All in all, it's a bad time, and reminds us why we shouldn't just go for the cheapest vacation deals we can find on the Internet. It's like Hostel, but even shittier.

The key here is atmosphere. Of course, the Spencer Mansion has a foreboding spirit of its own, but this is something else. The unnatural snowfall and fog over the town is creepy enough to make all the hairs on your scrote stand on end. Handily, it also helps to hide the piss-poor limitations of nineties 3D.

The whole ‘survival' thing comes in with the main character himself. Our ol' buddy Harry isn't a special ops commando armed to the ass. He's a regular Joe, vulnerable, low on stamina and scavenging for equipment to make it past the monsters. This was the mistake that recent Resident Evils made, making us such unstoppable badasses that they felt more like TPS ghastly-ass mutant shooting galleries. But these monsters, you don't want to eff with.

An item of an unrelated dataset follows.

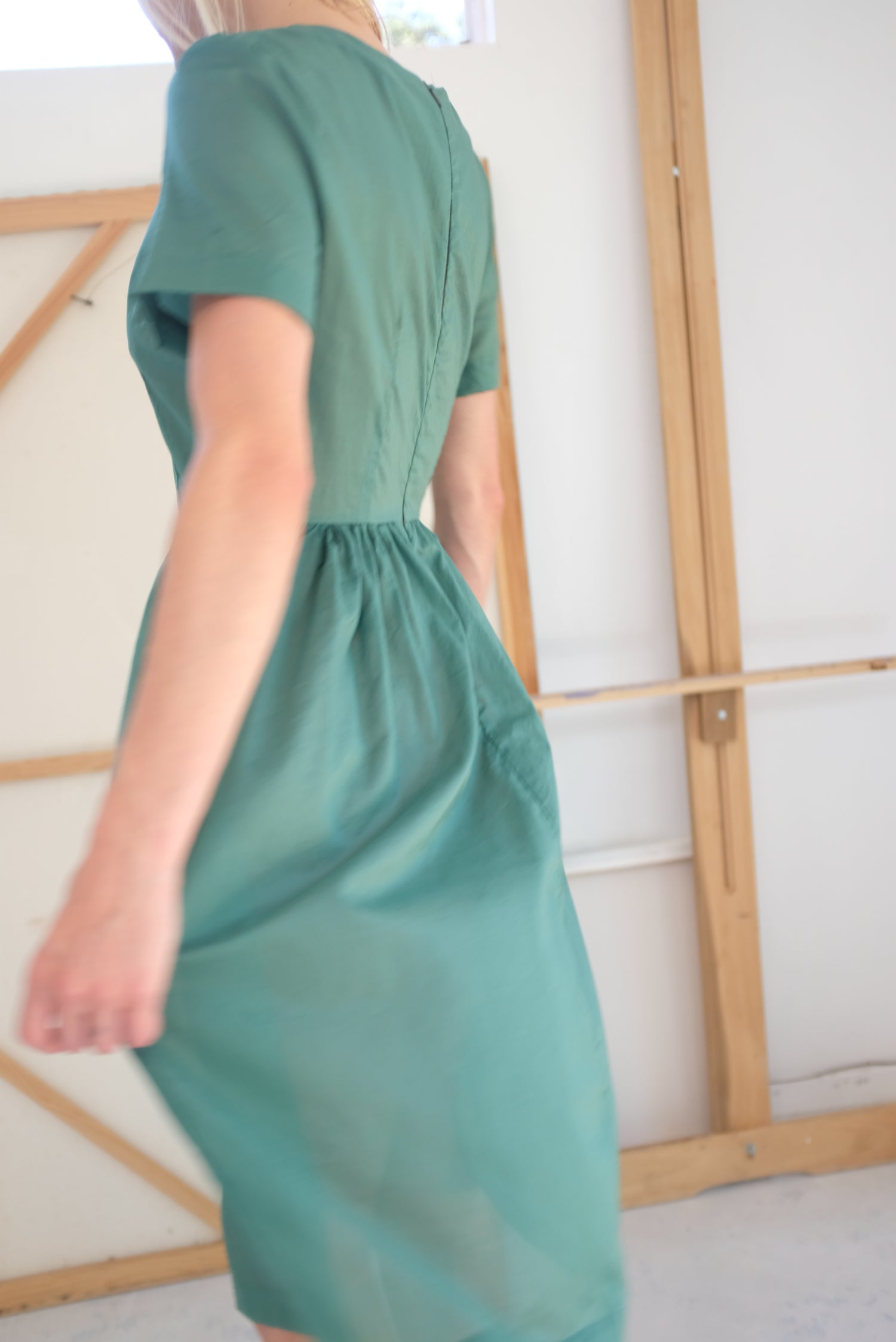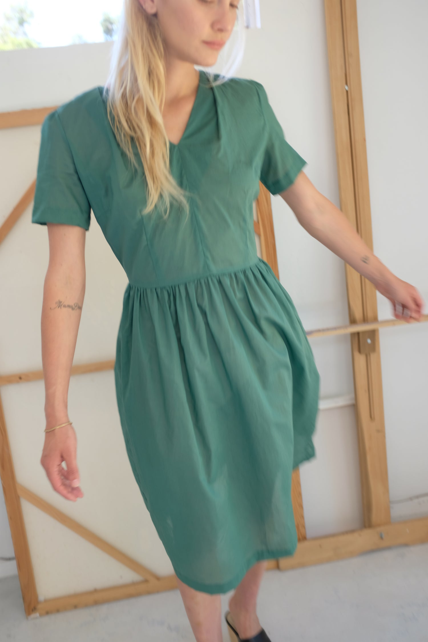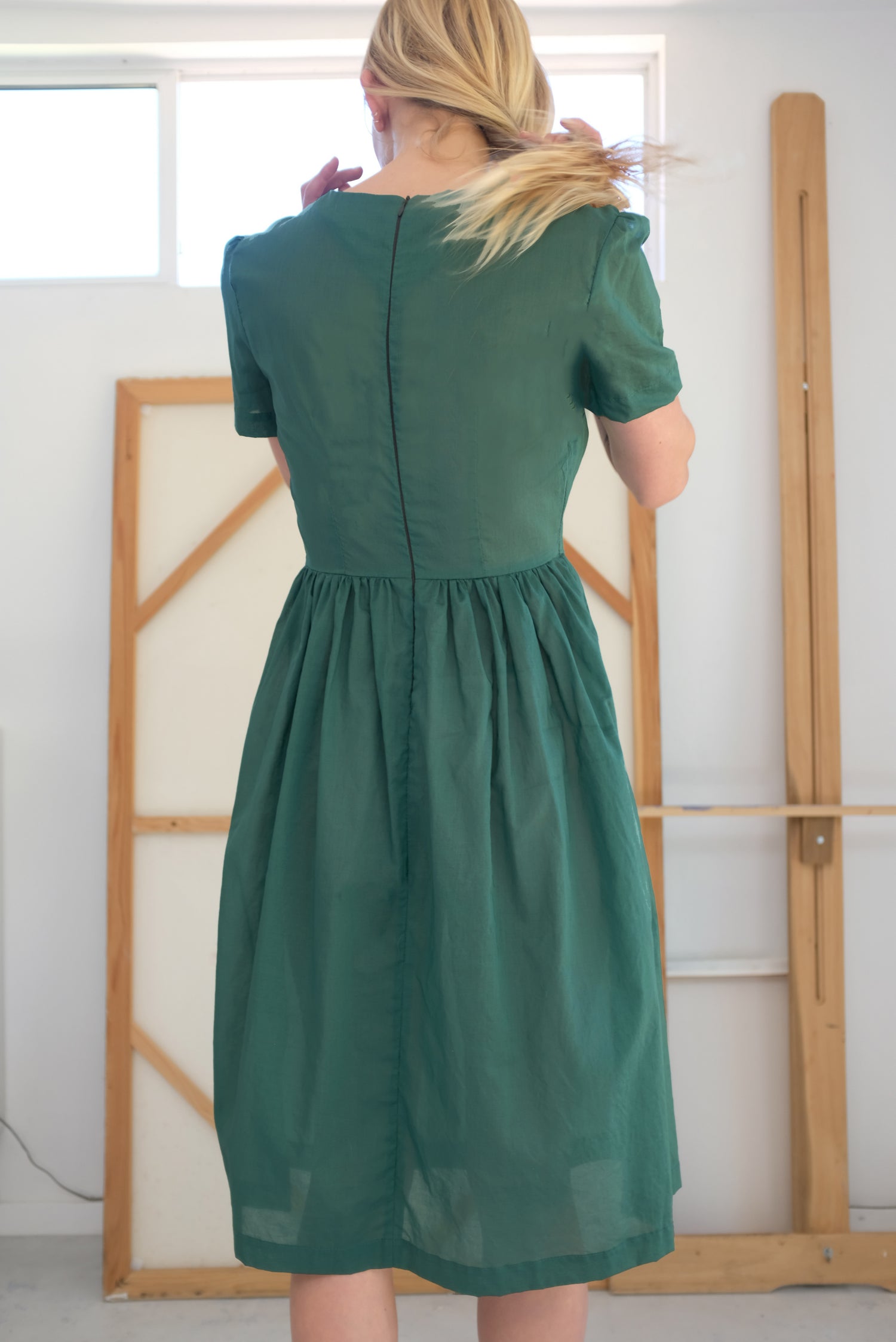 100% Cotton gauze, fitted waist, short sleeve, full skirt hits just below knee, zipper in back, pleat details on shoulders and darts for fitting upper bodice front and back. Sheer gauze, light woven cotton, feminine classic fit.

Silent Hill was a success, I'd say, because it effectively melded the old and the new. There was no HUD to distract from the atmosphere, leaving you to do a lot of menu-wangling to check your health, inventory, maps and such. In that, and the general key-findin', bizarre-puzzle-solvin' action, it's so very Evil. But the nightmarish and supernatural quality of it all set this one apart. Zombies are all well and good, but Silent Hill has brought us a decade and a half of mystery, symbolism and all-round WTF.

What does Pyramid Head truly represent? Let's not get started on that one.